Lebih dari 95 persen dari 160 penduduk Pakistan adalah Muslim, sementara umat Kristiani berjumlah kurang dari 1 persen.
Suster Jamal, 50, telah mengajar selama 28 tahun di sekolah-sekolah Katolik seluruh negeri itu. Ia juga berperan sebagai koordinator kaum muda di Keuskupan Agung Lahore dan Keuskupan Faisalabad selama 25 tahun.

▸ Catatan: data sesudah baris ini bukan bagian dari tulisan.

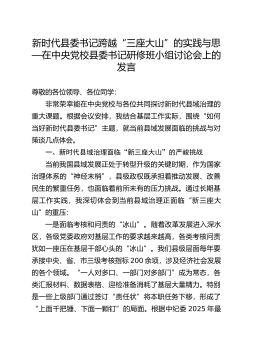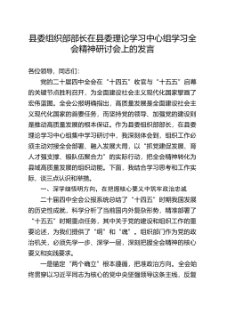 县委组织部部长在县委理论学习中心组学习全会精神研讨会上的发言各位领导,同志们:党的二十届四中全会在“十四五”收官与“十五五”启幕的关键节点胜利召开,为全面建设社会主义现代化国家擘画了宏伟蓝图。全会公报明确指出,高质量发展是全面建设社会主义现代化国家的首要任务,而坚持党的领导、加强党的建设则是推动高质量发展的根本保证。作为县委组织部部长,在县委理论学习中心组集中学习研讨中,我深刻体会到,组织工作必须主动对接全会部署、融入发展大局,以“抓党建促发展、育人才强支撑、锻队伍聚合力”的实际行动,把全会精神转化为县域高质量发展的组织动能。下面,我结合学习思考和工作实际,谈三点认识和举措。一、深学细悟明方向...

Berikut ini adalah komentarnya untuk UCA News:
Setelah pengumuman tahunan kelulusan siswa, saya pergi mengunjungi gadis-gadis kecil kelas dua untuk menyampaikan selamat kepada mereka atas keberhasilan mereka dalam ujian tahunan itu. Namun, saya merasa bahwa mereka tidak memancarkan kebahagiaan yang spontan seperti biasanya.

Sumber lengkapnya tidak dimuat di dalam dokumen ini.